Source information:
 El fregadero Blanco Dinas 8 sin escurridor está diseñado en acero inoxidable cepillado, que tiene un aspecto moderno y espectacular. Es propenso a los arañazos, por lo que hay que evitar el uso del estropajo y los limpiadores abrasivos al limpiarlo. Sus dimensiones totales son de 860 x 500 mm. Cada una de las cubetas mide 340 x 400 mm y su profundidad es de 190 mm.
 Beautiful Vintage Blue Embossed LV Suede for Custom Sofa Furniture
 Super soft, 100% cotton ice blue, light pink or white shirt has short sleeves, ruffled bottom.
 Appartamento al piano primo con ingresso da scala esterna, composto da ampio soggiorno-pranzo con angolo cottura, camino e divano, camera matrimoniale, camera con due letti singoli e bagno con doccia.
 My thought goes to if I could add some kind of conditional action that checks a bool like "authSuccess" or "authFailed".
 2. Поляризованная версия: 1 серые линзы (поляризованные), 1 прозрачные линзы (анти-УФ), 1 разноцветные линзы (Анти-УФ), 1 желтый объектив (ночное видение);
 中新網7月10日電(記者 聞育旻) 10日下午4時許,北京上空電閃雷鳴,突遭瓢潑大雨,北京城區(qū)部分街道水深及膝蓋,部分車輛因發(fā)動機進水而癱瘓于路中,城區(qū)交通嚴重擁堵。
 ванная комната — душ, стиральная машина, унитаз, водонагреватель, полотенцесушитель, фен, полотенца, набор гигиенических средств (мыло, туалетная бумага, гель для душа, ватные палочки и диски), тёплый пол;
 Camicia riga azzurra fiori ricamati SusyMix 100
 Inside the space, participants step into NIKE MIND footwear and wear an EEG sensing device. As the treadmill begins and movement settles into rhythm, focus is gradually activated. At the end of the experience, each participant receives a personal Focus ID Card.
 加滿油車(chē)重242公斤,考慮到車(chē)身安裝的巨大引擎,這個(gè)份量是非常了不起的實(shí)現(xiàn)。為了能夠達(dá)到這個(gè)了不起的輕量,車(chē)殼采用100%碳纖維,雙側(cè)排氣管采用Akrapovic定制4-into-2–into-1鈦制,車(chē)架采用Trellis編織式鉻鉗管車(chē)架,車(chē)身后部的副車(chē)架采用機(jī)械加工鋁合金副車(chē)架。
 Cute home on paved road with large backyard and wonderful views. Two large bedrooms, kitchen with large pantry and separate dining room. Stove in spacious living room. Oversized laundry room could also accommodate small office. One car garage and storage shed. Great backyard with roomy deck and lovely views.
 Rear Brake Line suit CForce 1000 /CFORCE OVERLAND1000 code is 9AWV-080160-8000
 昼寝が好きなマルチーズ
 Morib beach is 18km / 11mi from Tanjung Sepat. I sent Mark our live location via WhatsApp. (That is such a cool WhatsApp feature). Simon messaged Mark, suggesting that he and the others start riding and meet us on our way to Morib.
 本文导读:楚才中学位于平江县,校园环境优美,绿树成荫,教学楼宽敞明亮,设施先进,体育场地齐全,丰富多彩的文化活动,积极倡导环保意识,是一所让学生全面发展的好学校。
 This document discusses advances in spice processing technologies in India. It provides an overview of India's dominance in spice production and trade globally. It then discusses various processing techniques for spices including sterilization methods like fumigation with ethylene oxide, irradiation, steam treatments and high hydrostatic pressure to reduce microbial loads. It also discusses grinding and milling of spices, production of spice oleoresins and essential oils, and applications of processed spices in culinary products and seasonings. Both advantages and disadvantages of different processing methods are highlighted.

Assignment: Copy out all lines above holding "that".

Answer to this task:
 My thought goes to if I could add some kind of conditional action that checks a bool like "authSuccess" or "authFailed".
 Morib beach is 18km / 11mi from Tanjung Sepat. I sent Mark our live location via WhatsApp. (That is such a cool WhatsApp feature). Simon messaged Mark, suggesting that he and the others start riding and meet us on our way to Morib.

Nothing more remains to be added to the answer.